Le Samouraï (1967)

We’ve seen so much of the work of Jean-Pierre Melville and Alain Delon that it would have been criminal to miss this one. Even those of a certain age who haven’t seen Le Samouraï will certainly be famliar with Delon’s iconic look here with his hat and trenchcoat. It’s a gorgeous, slick film of competence on all sides put on display. The title is pure cultural appropriation however meant only to evoke a particular mood. Similarly the plot is more style than substance and the ending is the usual unsatisfying death, Melville-style. I wouldn’t call this a particularly deep film but it sure is cool.

A man whose name we would later learn is Jef Costello wakes up in a bare, run-down apartment. The only thing of note in it is a cage with a single pet bird in it. He steals a car on the street outside and goes to a mechanic to have its plates changed while also obtaining a gun there. Next he goes to the apartment of a girlfriend Jane to arrange an alibi. Finally at a nightclub he assassinates the owner but is seen clearly by the club’s pianist Valérie as he is leaving the office. Leaving her alive, he completes his alibi by allowing himself to be seen by another man outside Jane’s apartment and then joining a poker game. The police commissioner reacts quickly by having his men round up all of the usual suspects including Jef. The suspects are paraded before the nightclub’s staff and they are asked about their whereabouts. The commissioner has a hunch that Jef is the culprit but his alibis are airtight even after bringing in Jane for questioning. When Valérie rules him out as the assassin, the commissioner is forced to release Jef but continues surveillance on him.

Alain Delon radiates coolness just lying down motionless on a dinky mattress. When he puts on his coat and hat, Melville’s camera perfectly captures his look and Delon runs his fingers along the brim to get it at just the right angle. Even when he is injured and has to bandage himself, he remains impassive and collected. He isn’t omnipotent but he a consummate professional at all times. To match him, the police commissioner has to be similarly experienced and knowledgeable and is able to call on far greater resources to boot. It’s supremely satisfying then to watch them match wits against each other with the streets and metro stations of Paris as their battlefield. This is more of what I like to call competence porn, as beautifully conceived and shot by Melville. He sells the illusion further by framing Jef as the modern day heir of the Japanese samurai, a sort of lone wolf who is both skilled and operates according to his own code of honor.

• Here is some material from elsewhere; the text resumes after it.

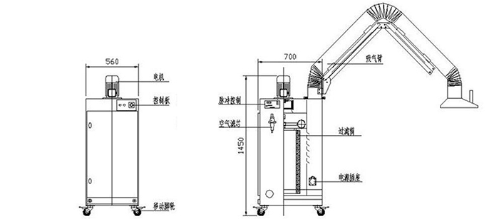 1)凈化器同離心風(fēng)機(jī),濾筒過濾室,進(jìn)風(fēng)均流板,集塵抽屜,凈化器室體,脈沖清灰系統(tǒng),電控裝置及帶吸塵罩柔性吸氣臂組成.

Yet this is an illusion. Melville invented the opening epigraph, citing a book that doesn’t exist. Real Japanese samurai were nothing like this so the director was just taking advantage of how Japanese culture had captured the public imagination at that time. The cat-and-mouse game between Jef and the commissioner is more the appearance of competence than the real thing. For all the elaborate precautions Jef takes, he never does the one obvious trick of changing out of his clothes. The commissioner’s first move is to call up all of the police stations in Paris to round up suspects. Not only does it work but Jef expects to be among those rounded up despite not having a criminal record. This film is all about the rule of cool and we were never meant to look any deeper. Similarly Jef is a blank slate, an assassin with no past whose mind is closed to us. We know that he is not totally emotionless as his relationship with Jane is real but he remains more of an archetype than a real person.

So for me this is a very stylish and beautiful film, one influential enough that it has been used as a visual reference for countless other works. But it has nothing of substance to say and my own takeaway from it is how cynical it was of Melville to exploit the exoticism of Japan at the time to inject just a bit more coolness to the character.